A 16 heures, nous sommes heureux et soulagés d’amarrer le bateau à la marina de Patras. Le dessalage du bateau s’impose, ainsi qu’une douche réconfortante pour l’équipage !
Notre navigation est aussi heureusement pleine de traversées plus calmes, au moteur, ou à petite allure à la voile.
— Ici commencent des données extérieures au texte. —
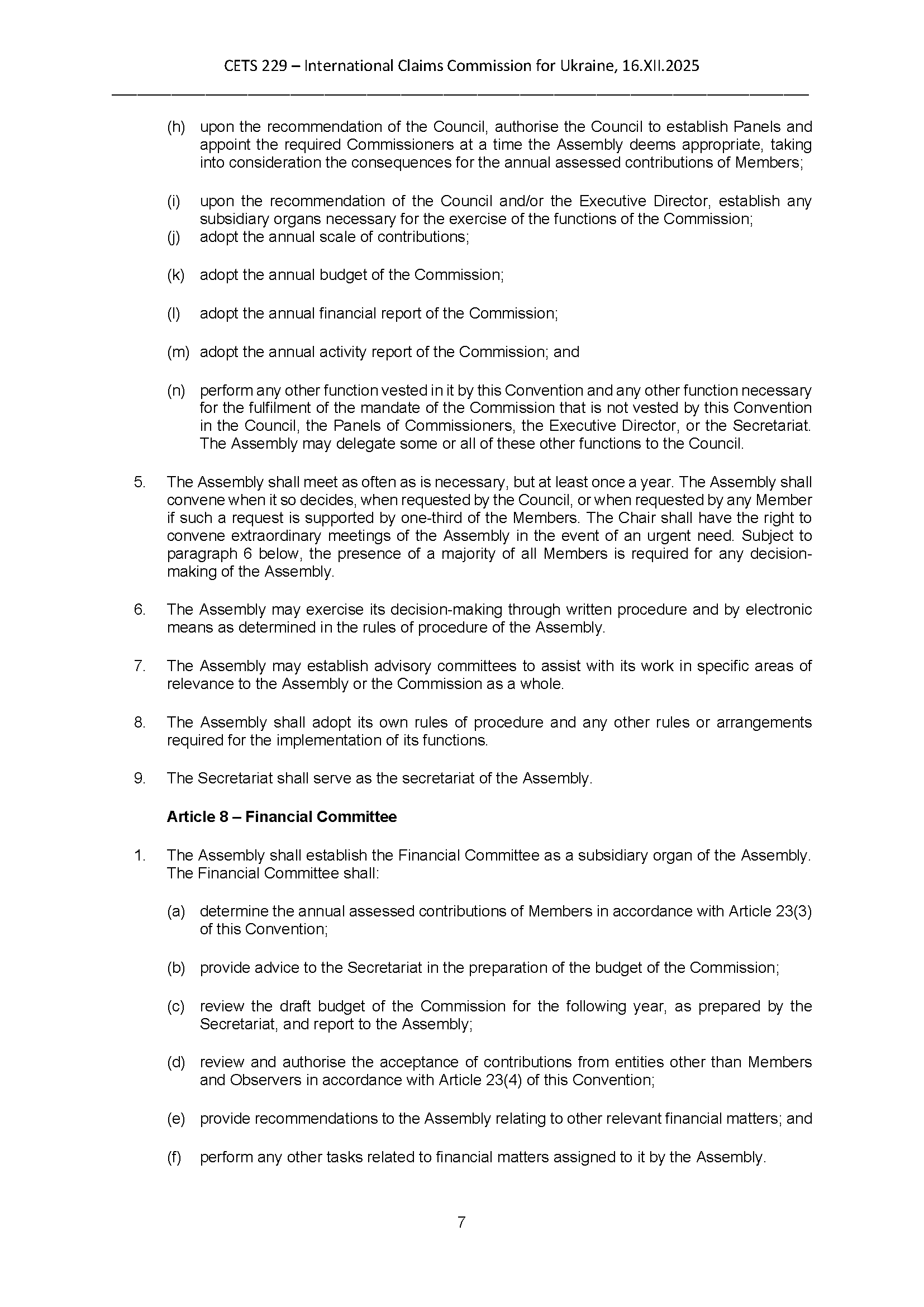 7. Asambleja var apturēt Dalībnieka tiesības, ja uzskata, ka šis Dalībnieks nav izpildījis šajā konvencijā noteiktās finanšu saistības.
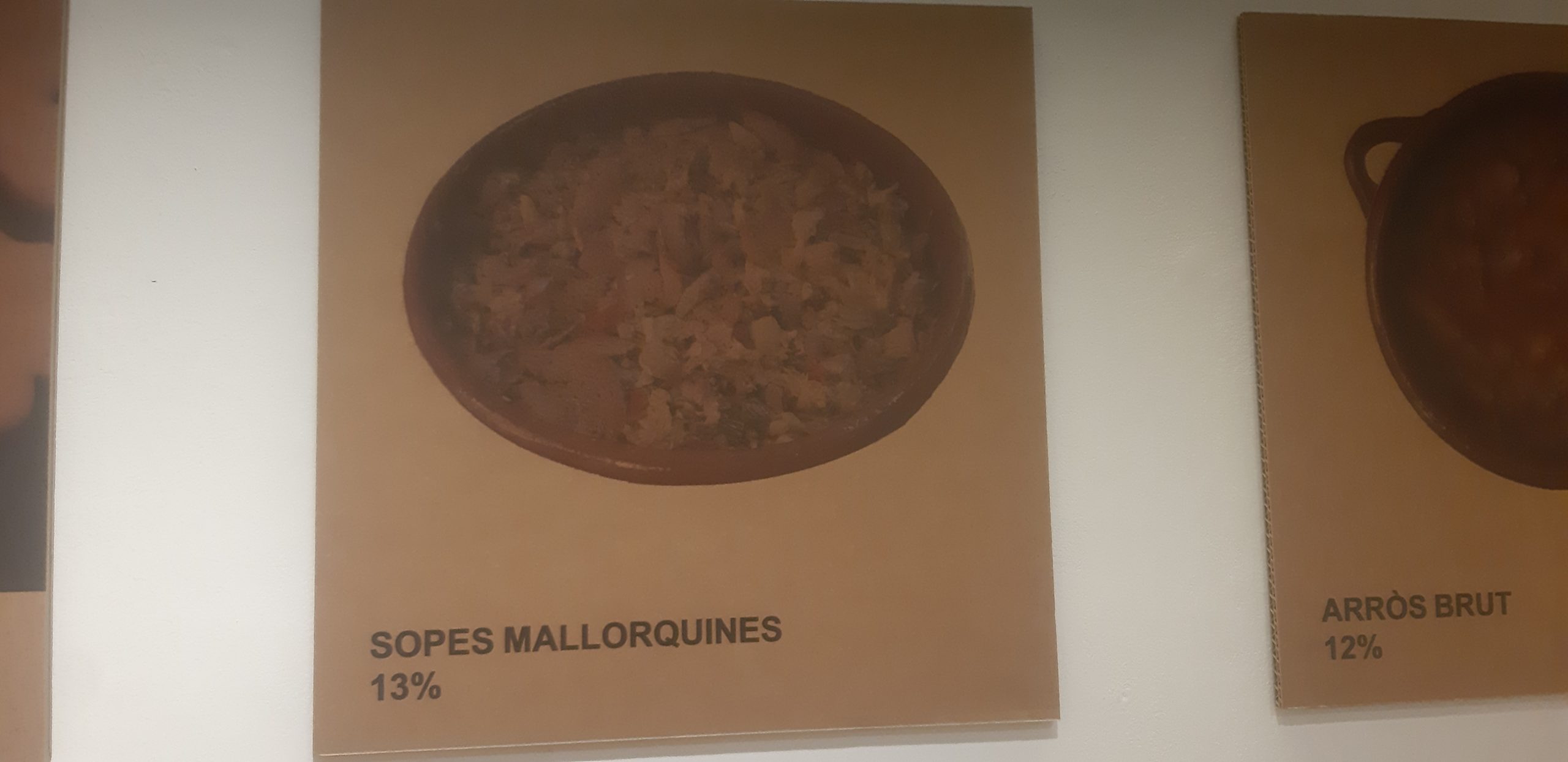 En uns dels plafons vaig poder llegir sopes mallorquines. Vaig pensar que les sopes són mallorquines per haver-se cuinades a Manacor, o a la resta de l’illa, però que hi ha moltíssimes de maneres de cuinar-les, per tant, si només hagués anunciat el plafó: sopes, n’hi hauria hagut ben prou. Com les panades que encara no deim, per sort, panades mallorquines, tot i que per qualque forn de Ciutat adreçat als turistes, ja he vist anunciat pizza mallorquina, per referir-se a la coca de trempó.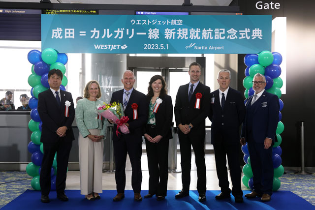 成田空港で開かれた就航記念式典に出席するウエストジェットのチャールズ・クラウダー販売開発副社長、バンフ国立公園のレズリー・ブルースCEO=23年5月1日 PHOTO: Kiyoshi OTA/Aviation Wire

Et nous pouvons ainsi admirer ce que nous réservent ces moments sur l’eau :
les couchers et levers de soleil avec le rayon vert, aperçu lors de la descente depuis le Monténégro ;
« l’aurore aux doigts de rose », comme le dit Homère, lors d’un départ matinal, volontaire, du mouillage d’Athéras ;
les rayons du soleil couchant à Patras ;
le passage sous le pont entre Rion et Antirion, à l’entrée du Golfe de Corinthe, un des plus hauts du monde, les hauteurs entre les piliers (appelées aussi tirant d’air) variant entre 25 et 50 m ;
les îles ioniennes flottant dans la brume du matin ;
le banc de dauphins réveillés par notre passage qui viennent jouer à l’étrave quelques minutes ; les 6 dauphins venant jouer longuement et apprendre à un bébé dauphin le jeu dans l’étrave ; les tortues croisées au large du Monténégro et autour de Prévéza, Agrostolion et Mesolonghi ;
le phoque regardant les bateaux passant alentours avant de replonger ; et les nombreuses variétés de mouettes ; les grandes nacres au mouillage ; les méduses ;
les variations de tons de l’eau du bleu saphir au bleu émeraude, ou au vert glauque ; les variétés de tons des côtes de toutes ces îles : falaises d’un blanc éclatant, ocre des plages.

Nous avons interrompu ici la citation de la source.